Use model-free (PPO or Rainbow DQN). The Atari simulator is fast and free to run. The visual dynamics are complex and hard to model accurately. Model-free methods achieve top performance by simply running billions of frames through the simulator.

Example

Real robot learning with limited trials

Use model-based. Each real-world trial takes time, causes wear, and risks damage. Learning a dynamics model from 10 minutes of interaction and then planning with that model is far more practical than running PPO for millions of steps on a physical robot.

Example

Continuous control in MuJoCo

Use hybrid (MBPO or Dreamer). These environments have smooth, learnable dynamics but also benefit from model-free refinement. MBPO uses model-generated data to warm-start a model-free algorithm, getting the sample efficiency of model-based methods and the asymptotic performance of model-free methods.

Common Confusions

Watch Out

Model-based does not mean you need a pixel-level predictor

Early model-based RL tried to predict future observations (e.g., next video frame). This is unnecessary and wasteful. Modern methods like MuZero and Dreamer learn dynamics in a compact latent space. The model predicts latent states and rewards, not raw observations.
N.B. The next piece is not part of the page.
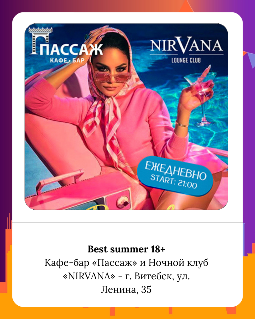 Вечеринки в понедельник? Легко! И во вторник, среду и четверг! Ведь двери Кафе-бара «Пассаж» и Ночного клуба «NIRVANA» открыты и по рабочим дням тоже!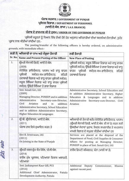 ਹੁਕਮਾਂ ਦੇ ਤਹਿਤ, ਸ਼੍ਰੀਮਤੀ ਸੋਨਾਲੀ ਗਿਰੀ, 2009 ਬੈਚ ਦੀ ਆਈਏਐਸ ਅਧਿਕਾਰੀ, ਨੂੰ ਪ੍ਰਸ਼ਾਸਨਿਕ ਸਕੱਤਰ, ਸਕੂਲ ਸਿੱਖਿਆ ਦੇ ਨਾਲ-ਨਾਲ ਉੱਚ ਸਿੱਖਿਆ ਅਤੇ ਭਾਸ਼ਾ ਵਿਭਾਗ, ਸ਼ਹਿਰੀ ਹਵਾਬਾਜ਼ੀ ਦੇ ਪ੍ਰਸ਼ਾਸਨਿਕ ਸਕੱਤਰ ਵਜੋਂ ਵਾਧੂ ਚਾਰਜ ਦੇ ਨਾਲ ਨਿਯੁਕਤ ਕੀਤਾ ਗਿਆ ਹੈ। ਪਹਿਲਾਂ, ਉਹ ਨਿਵੇਸ਼ਕ ਅਤੇ ਨਿਰਯਾਤ ਪ੍ਰਮੋਸ਼ਨ, ਸੂਚਨਾ ਤਕਨਾਲੋਜੀ, ਅਤੇ ਪ੍ਰਬੰਧਕੀ ਸਕੱਤਰ, ਉੱਚ ਸਿੱਖਿਆ ਅਤੇ ਭਾਸ਼ਾਵਾਂ ਦੇ ਅਹੁਦਿਆਂ 'ਤੇ ਸੀ।

This avoids modeling irrelevant visual details.

Watch Out

Model-free methods do have implicit models

A well-trained Q-function implicitly encodes knowledge about the dynamics. $Q(s, a)$ reflects the expected future rewards from taking action $a$ in state $s$ , which requires "knowing" what states follow. The difference is that this knowledge is implicit in the value function, not available as an explicit simulator that can be queried for arbitrary state-action pairs.

Watch Out

Sample efficiency is not the only cost

Model-based methods use fewer environment interactions but more computation (model training, planning). In fast simulators, environment interactions are cheap and computation is the bottleneck. In that regime, model-free methods may be faster in wall-clock time despite using more samples.